E é uma pena que March e Schell tenham tão poucos momentos reunidos em cena, e quase sem diálogos, pois o já idoso e consagrado ator de Hollywood mostra-se capaz de se adaptar brilhantemente a um tipo de filme e de personagem bem diversos do que vinha sendo habitual em sua carreira, quase toda em filmes americanos.
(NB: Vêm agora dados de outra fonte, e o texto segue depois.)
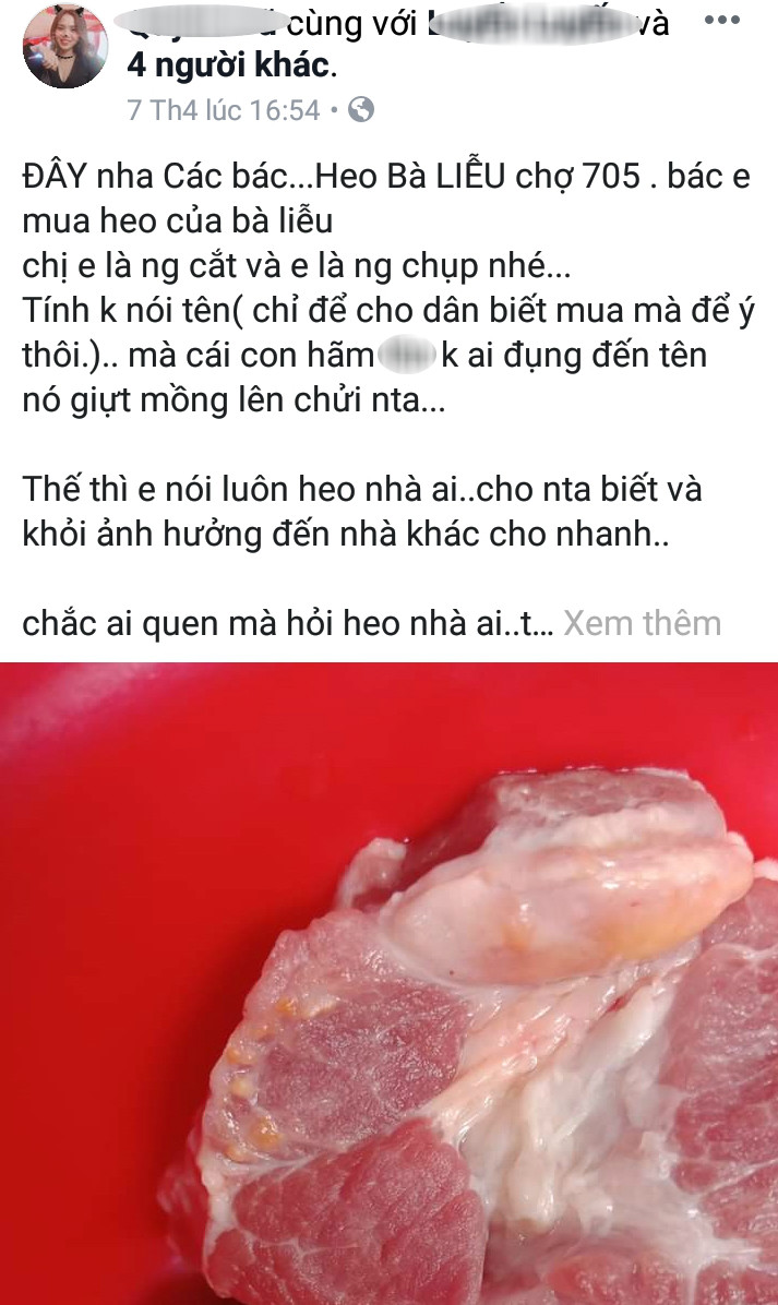 Tuy nhiên, những ngày vừa qua, trên mạng xã hội xuất hiện 2 tài khoản mang tên G.V và Q.V đăng tải thông tin và hình ảnh cho rằng, người thân của họ mua thịt lợn của bà Liễu, đến khi về nhà thì cắt ra thấy xuất hiện một số đốm đỏ. Hai chủ tài khoản này khuyến cáo người dân nên cẩn trọng khi mua và sử dụng thịt lợn để tránh ảnh hưởng đến sức khỏe.

A força de sua presença física e de seu rosto severo, mas capaz de modulações tão discretas quanto significativas, são uma atração à parte, confirmando sua intimidade com o meio em que manteve uma bela carreira.
Além de utilizar com propriedade o tenso e belíssimo 3º Movimento da Sinfonia 11 de Shostakovich (que havia sido gravada recentemente - pela primeira vez em 1957 na ex-URSS), o filme também se mostra antenado com padrões culturais sofisticados de sua época ao incluir duas cenas de peças de Brecht em espetáculos do Berliner Ensemble: uma delas com Sophia Loren – já que ‘Johanna’ é atriz – interpretando o último segmento de Terror e Miséria do III Reich, que se chama “O Plebiscito”; e a outra, com o final de A resistível ascensão de Arturo UI, sendo ‘Arturo UI’ uma evidente alusão a Hitler. Estes momentos, obviamente não existem na peça, toda passada na mansão dos Von Gerlach.
Na equipe técnica, cabe ainda destacar a direção de arte de Ezio Frigerio (que mais tarde iria trabalhar nessa mesma atividade em Noveccento, de Bertolucci), a fotografia em preto-e-branco de Roberto Gerardi e a edição de Manuel Del Campo e Adriana Novelli, esta, uma colaboradora habitual de De Sica.
Pontos negativos maiores ficam para a edição deste DVD com o descuido já habitual nos produtos da “Coleção Cultclassic”: os extras são desinteressantes, mas o mais grave está na legendagem: legendas falhas, frequentemente em mau português e quase sempre mudando o gênero da pessoa a quem a fala de outra se refere. O título da peça Arturo UI é traduzido de modo bizarro – e este é apenas um exemplo isolado. Mesmo assim, vale a pena conhecer este filme pouco visto e pouco lembrado, mas que revela um esforço digno ao abordar temas ainda atuais: O TRECHO SEGUINTE CONTÉM SPOILER (INFORMAÇÕES DO ENREDO QUE PODEM NÃO INTERESSAR A QUEM AINDA NÃO VIU O FILME) de modo original, o cerne da questão que acompanha Franz não é o do massacre de judeus; pelo contrário, ainda nos seus 18 anos, Franz havia tentado dar cobertura a um rabino fugido de um campo em terreno cedido pelo pai; sua decadência moral no caldo de cultura perverso do nazismo e das guerras vai se dar na esfera da tortura a prisioneiros de guerra russos. Ironicamente, há uma cena em que Franz retira da gaveta e mostra para Johanna várias – aparentemente – medalhas de ouro (em forma da comenda alemã tradicional, a "cruz de ferro") que não passam de choccolates (suíços - sic) embrulhados em papel dourado.